## Work item
Only the lines below from the one with "Trận đấu chứng" through the one with "View from inside" are to be written out, exactly and without any images.

## Data for analysis
-----
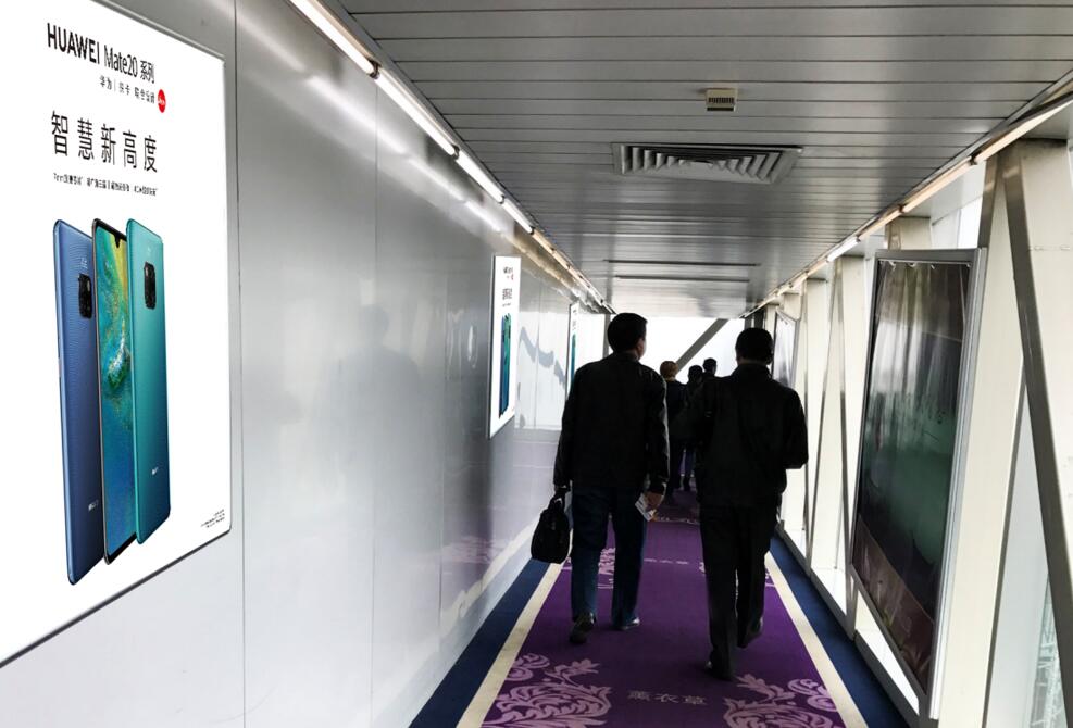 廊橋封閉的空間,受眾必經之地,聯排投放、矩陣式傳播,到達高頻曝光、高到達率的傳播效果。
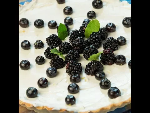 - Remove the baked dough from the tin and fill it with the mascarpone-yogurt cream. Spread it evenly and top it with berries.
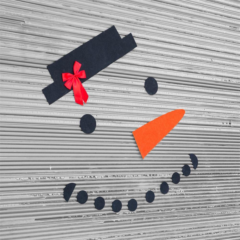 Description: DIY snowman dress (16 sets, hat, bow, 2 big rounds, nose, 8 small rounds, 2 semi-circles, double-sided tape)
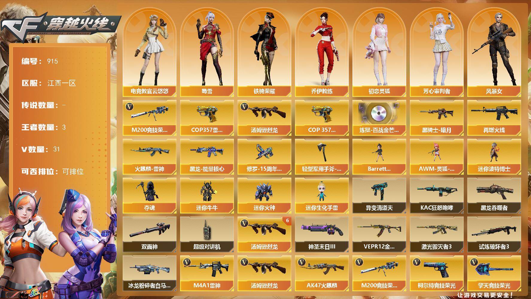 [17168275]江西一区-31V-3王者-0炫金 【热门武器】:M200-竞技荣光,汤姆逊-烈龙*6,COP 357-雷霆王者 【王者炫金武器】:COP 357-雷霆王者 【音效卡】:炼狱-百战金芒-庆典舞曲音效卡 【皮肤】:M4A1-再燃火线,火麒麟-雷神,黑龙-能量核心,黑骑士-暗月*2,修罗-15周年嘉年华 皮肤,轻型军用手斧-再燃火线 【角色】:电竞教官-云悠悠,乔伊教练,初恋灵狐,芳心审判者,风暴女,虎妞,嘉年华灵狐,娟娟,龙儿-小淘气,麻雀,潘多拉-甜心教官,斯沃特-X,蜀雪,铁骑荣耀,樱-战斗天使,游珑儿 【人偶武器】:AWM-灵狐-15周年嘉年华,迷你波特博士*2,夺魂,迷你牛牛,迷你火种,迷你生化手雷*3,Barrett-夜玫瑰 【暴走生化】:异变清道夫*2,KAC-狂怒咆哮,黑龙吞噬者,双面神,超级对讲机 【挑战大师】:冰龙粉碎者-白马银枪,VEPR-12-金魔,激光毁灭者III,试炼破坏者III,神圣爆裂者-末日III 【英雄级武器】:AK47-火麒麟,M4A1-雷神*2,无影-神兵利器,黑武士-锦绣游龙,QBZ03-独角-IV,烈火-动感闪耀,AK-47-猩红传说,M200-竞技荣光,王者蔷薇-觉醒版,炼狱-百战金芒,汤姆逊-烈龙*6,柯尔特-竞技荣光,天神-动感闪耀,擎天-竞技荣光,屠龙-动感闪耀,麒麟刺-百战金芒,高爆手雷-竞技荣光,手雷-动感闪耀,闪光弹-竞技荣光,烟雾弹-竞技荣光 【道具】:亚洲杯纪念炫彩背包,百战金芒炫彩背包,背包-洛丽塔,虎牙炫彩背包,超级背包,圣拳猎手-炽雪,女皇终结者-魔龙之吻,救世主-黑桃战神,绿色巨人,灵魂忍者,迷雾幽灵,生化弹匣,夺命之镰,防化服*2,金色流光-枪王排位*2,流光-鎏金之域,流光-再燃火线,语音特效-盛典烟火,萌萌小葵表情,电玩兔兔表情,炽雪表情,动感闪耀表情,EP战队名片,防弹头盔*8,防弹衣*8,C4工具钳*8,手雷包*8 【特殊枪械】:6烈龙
-----
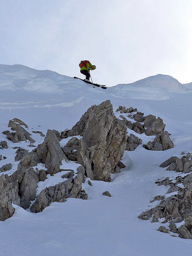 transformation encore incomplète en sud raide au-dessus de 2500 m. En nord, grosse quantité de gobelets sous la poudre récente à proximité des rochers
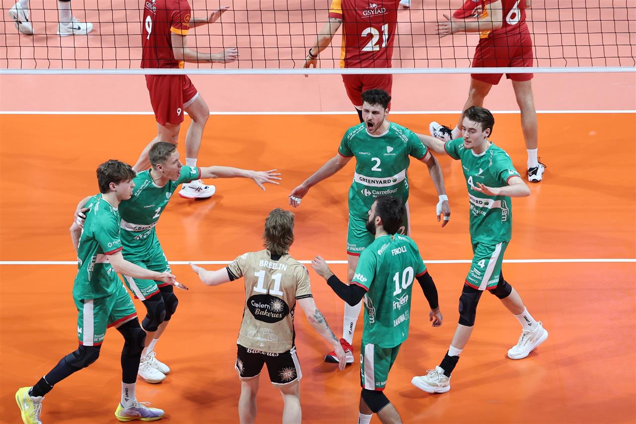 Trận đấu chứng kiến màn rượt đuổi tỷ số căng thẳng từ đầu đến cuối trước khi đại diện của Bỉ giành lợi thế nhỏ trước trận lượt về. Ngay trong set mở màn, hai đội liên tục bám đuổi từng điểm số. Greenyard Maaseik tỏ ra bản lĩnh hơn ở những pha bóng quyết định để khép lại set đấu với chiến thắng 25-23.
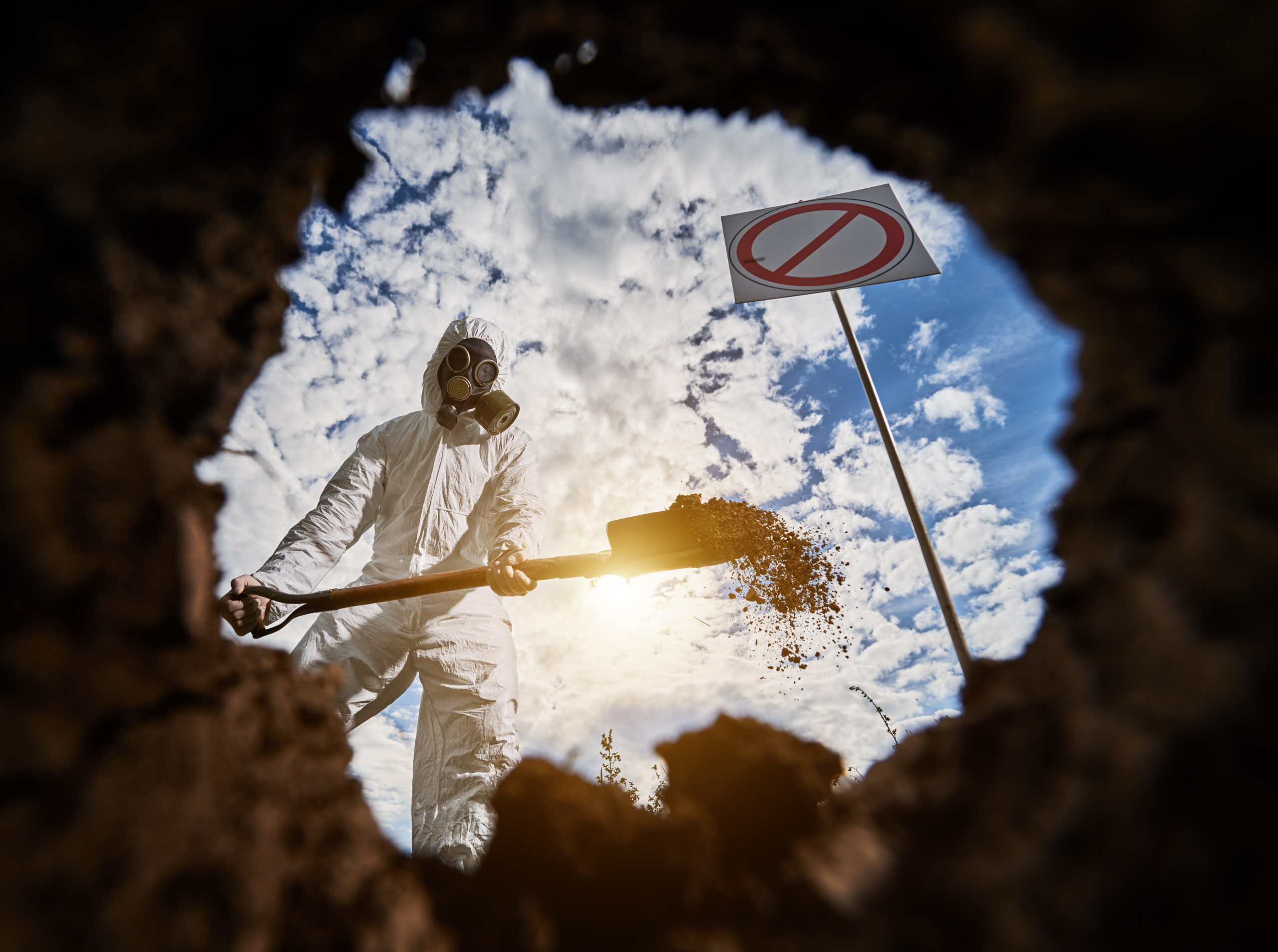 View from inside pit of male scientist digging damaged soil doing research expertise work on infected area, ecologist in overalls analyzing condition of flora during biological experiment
-----
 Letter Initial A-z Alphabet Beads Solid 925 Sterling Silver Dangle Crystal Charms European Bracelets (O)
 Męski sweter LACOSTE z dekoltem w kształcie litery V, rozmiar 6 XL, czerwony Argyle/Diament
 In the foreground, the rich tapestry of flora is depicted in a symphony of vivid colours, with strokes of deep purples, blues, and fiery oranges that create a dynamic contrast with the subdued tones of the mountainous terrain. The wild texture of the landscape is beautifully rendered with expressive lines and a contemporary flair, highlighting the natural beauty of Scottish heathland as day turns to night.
-----
## Solution
 Trận đấu chứng kiến màn rượt đuổi tỷ số căng thẳng từ đầu đến cuối trước khi đại diện của Bỉ giành lợi thế nhỏ trước trận lượt về. Ngay trong set mở màn, hai đội liên tục bám đuổi từng điểm số. Greenyard Maaseik tỏ ra bản lĩnh hơn ở những pha bóng quyết định để khép lại set đấu với chiến thắng 25-23.
 View from inside pit of male scientist digging damaged soil doing research expertise work on infected area, ecologist in overalls analyzing condition of flora during biological experiment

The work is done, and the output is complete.